First of all, I collect bicycles...not scooters. But my neighbor had this in her garage and had a Garage Sale where she was going to be putting it in. I bought it from her just because it looked so cool, was all original, and was VERY old...with wheels. 
Any of you knowledgeable people out there have any info you'd like to share on this??

Thanks!


 

 

 

 

 

 


fred


----------



## HARPO (Jul 21, 2017)

No one has a clue on this??????...


----------



## Rambler (Jul 22, 2017)

HARPO said:


> First of all, I collect bicycles...not scooters.
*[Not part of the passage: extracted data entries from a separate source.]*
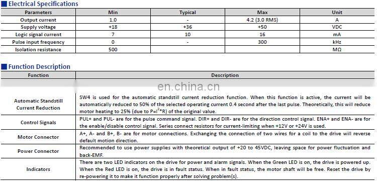 36VDC 4.2A Open Loop Stepper Motor Driver for NEMA 14 to NEMA 24 Motor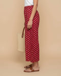 Women's Printed Wide-Leg Palazzo Pant with Elasticated Waistband -Red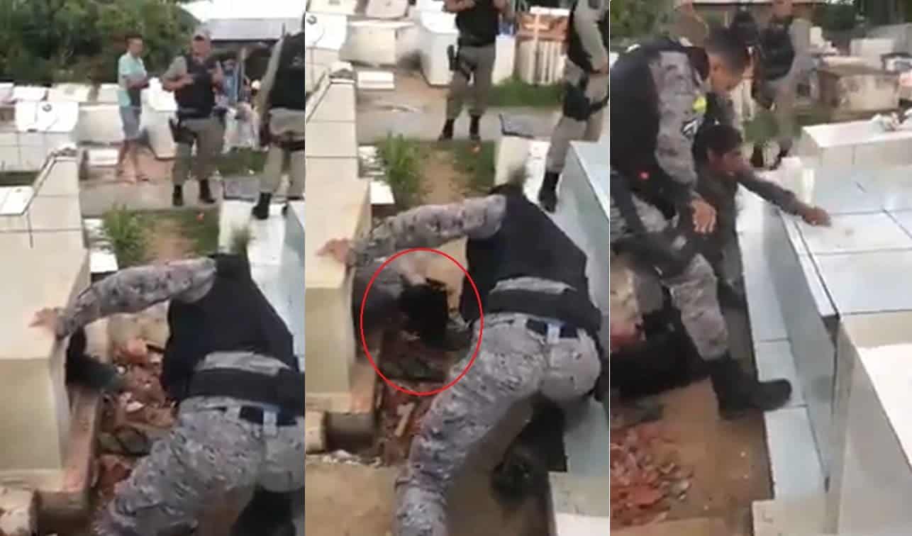 Ce jeune homme vient de perdre son père et n’a pas pu assister à la funéraire parce qu’il travaillait et habitait loin de sa ville. Le jeune homme s’est donc rendu sur les lieux, a pris une partie du béton de la tombe et est entré à l’intérieur avec l’intention de dire au revoir à son père. Mais il ne pouvait pas sortir seul.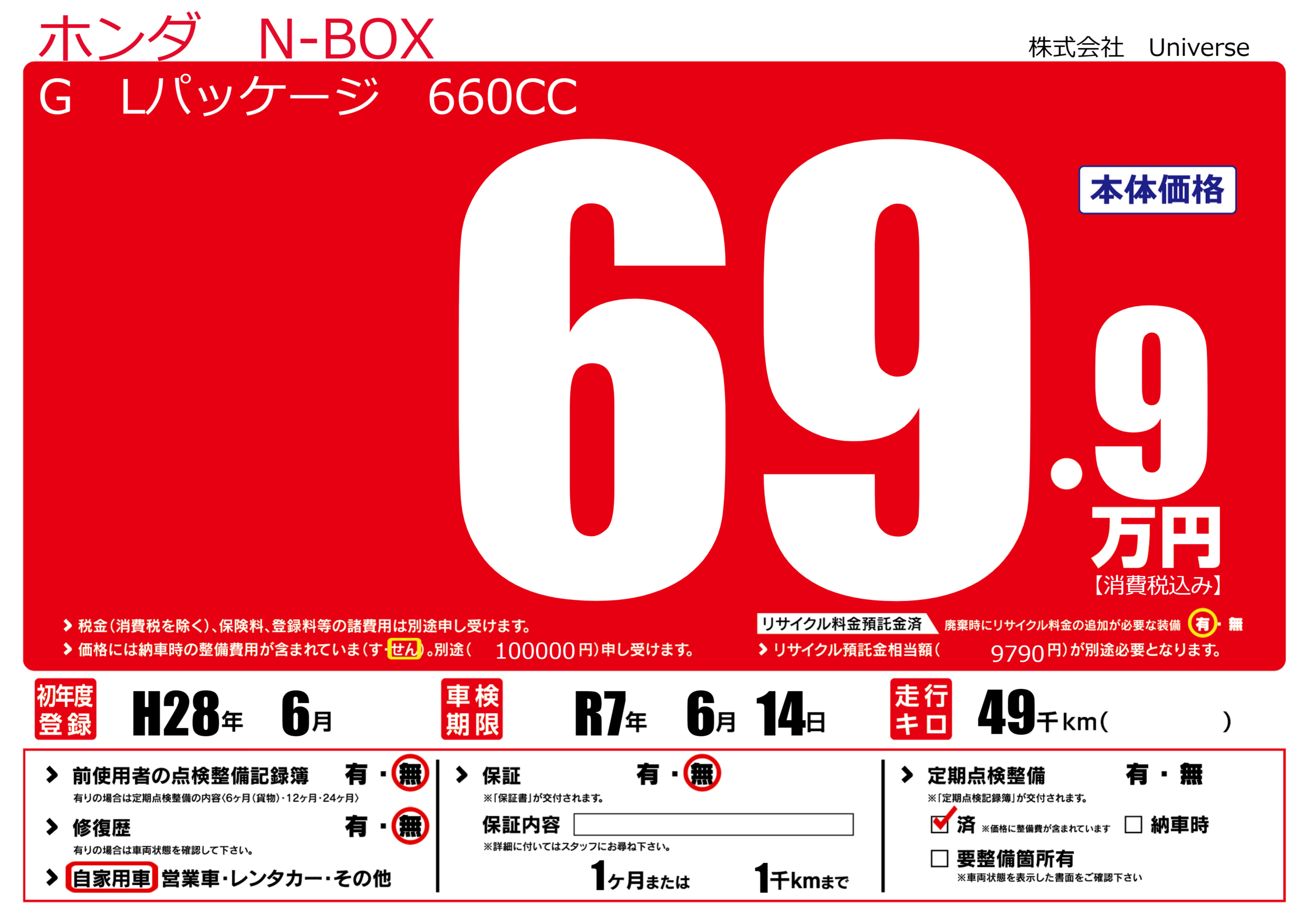 | 車名 | ホンダ N-BOX | グレード ミッション 排気量 |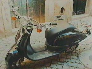 There are many elegant things to be found - like this classy looking black and chrome Vespa scooter sitting here in the old narrow cobble stone streets of Alfama. | ![]() |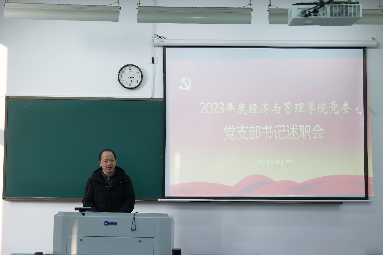 为落实学校党建工作重点任务和基层党建工作部署要求,加强学院党支部书记队伍建设,把基层党组织建成坚强战斗堡垒,2024年1月3日下午,黄色网站 党委在新城校区公共教学楼122召开2023年度党支部书记抓基层党建述职评议大会。学院党政领导班子成员、党委委员、组织员、党支部书记、支部委员参加本次述职大会,会议由学院党委书记易传剑主持。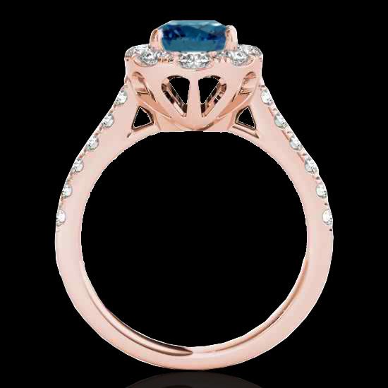 REF-210H9A -34084 ---- 2 CTW Si Certified Blue Diamond Solitaire Halo Ring 10K Rose Gold ---- Luxury Designer Brand Ring Appraised at $13,900 Certificate Number US34084 10k Rose gold, Ring Size is 7, Ring measuring approx. Uniform, weighing in total approx. 4.7 grams. Made in the USA and is stamped 10k, Main stone 1 carat total weight containing 1 pieces of Intense Fancy Blue color with SI quality Round shape cut Diamond , Stone #2 1 carat total weight containing 22 pieces of H-I color with VS/SI quality Round shape cut Diamond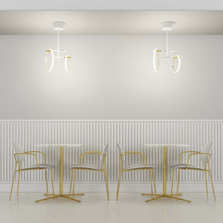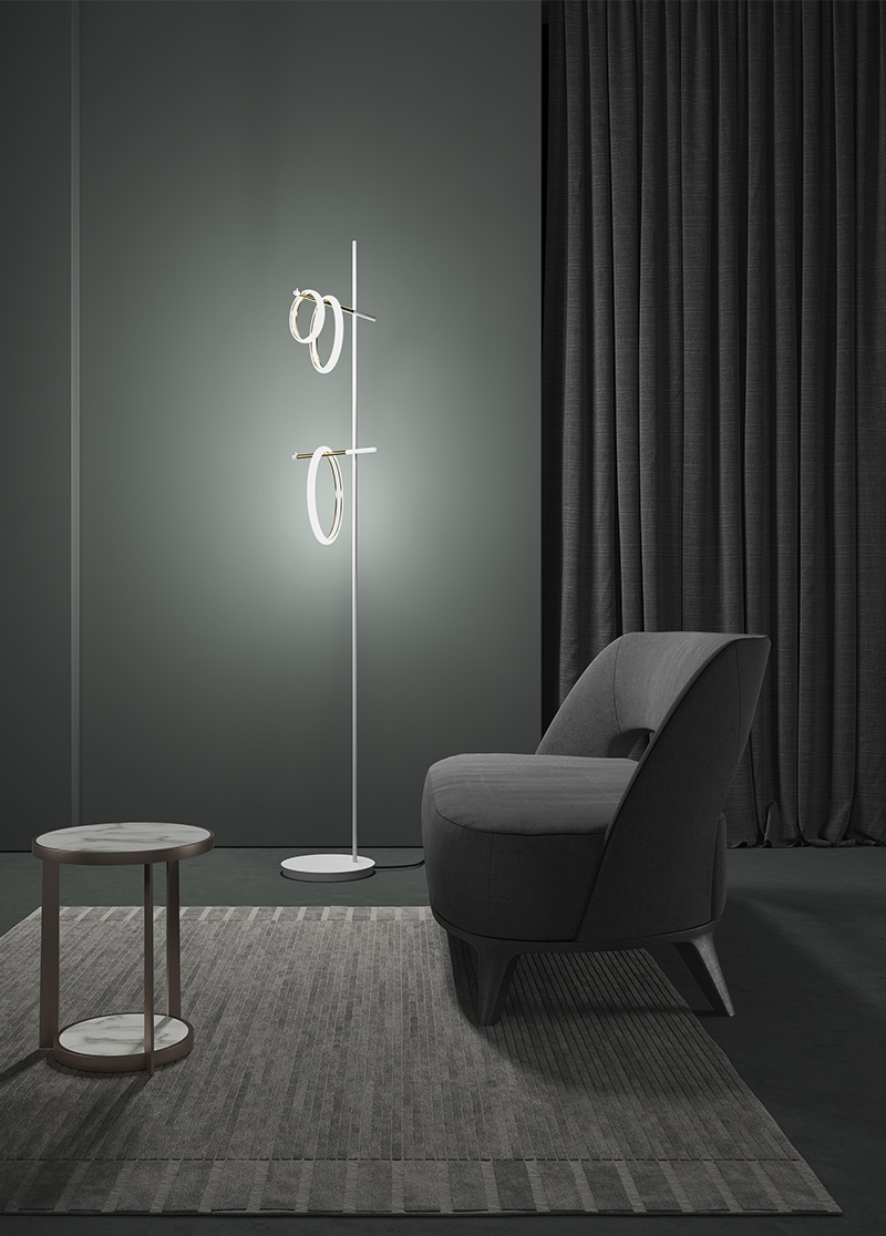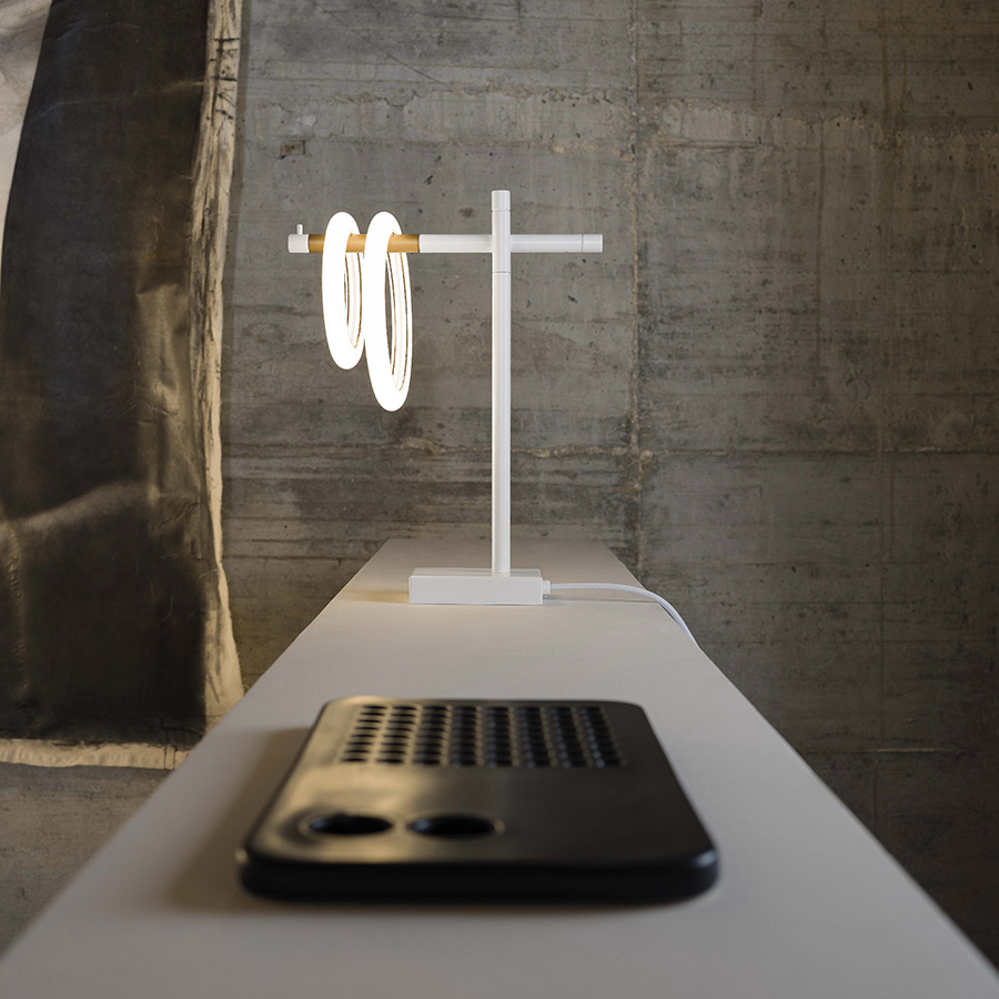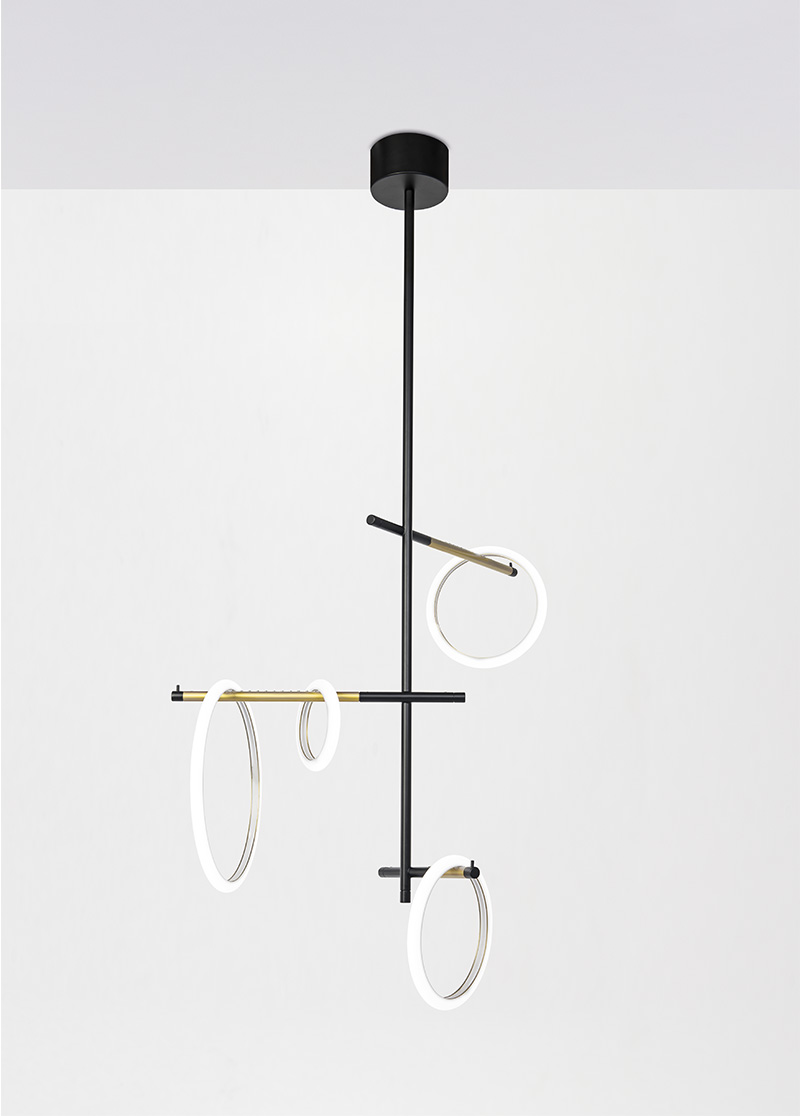 Jednoduché rúrkové kovové konštrukcie oživujú rad produktov: nástenné svietidlá, závesné a podlahové svietidlá, minimálne a elegantné konštrukcie, ktoré ako ikonické totemy zavesené v priestore čakajú na prenos energie…

But my neighbor had this in her garage and had a Garage Sale where she was going to be putting it in. I bought it from her just because it looked so cool, was all original, and was VERY old...with wheels.
> Any of you knowledgeable people out there have any info you'd like to share on this??
> 
> Thanks!
> fred




Based on construction, I suspect that it is circa 1920's. Aside from that I unfortunately cannot find anything in my archives that conclusively identifies it or its maker. Sorry, wish I could offer more info. on this one.


----------



## HARPO (Jul 23, 2017)

Rambler said:


> Based on construction, I suspect that it is circa 1920's. Aside from that I unfortunately cannot find anything in my archives that conclusively identifies it or its maker. Sorry, wish I could offer more info. on this one.




Thank you the reply. Any info is better than none, and it's now the oldest "wheeled" item I have in the collection!


----------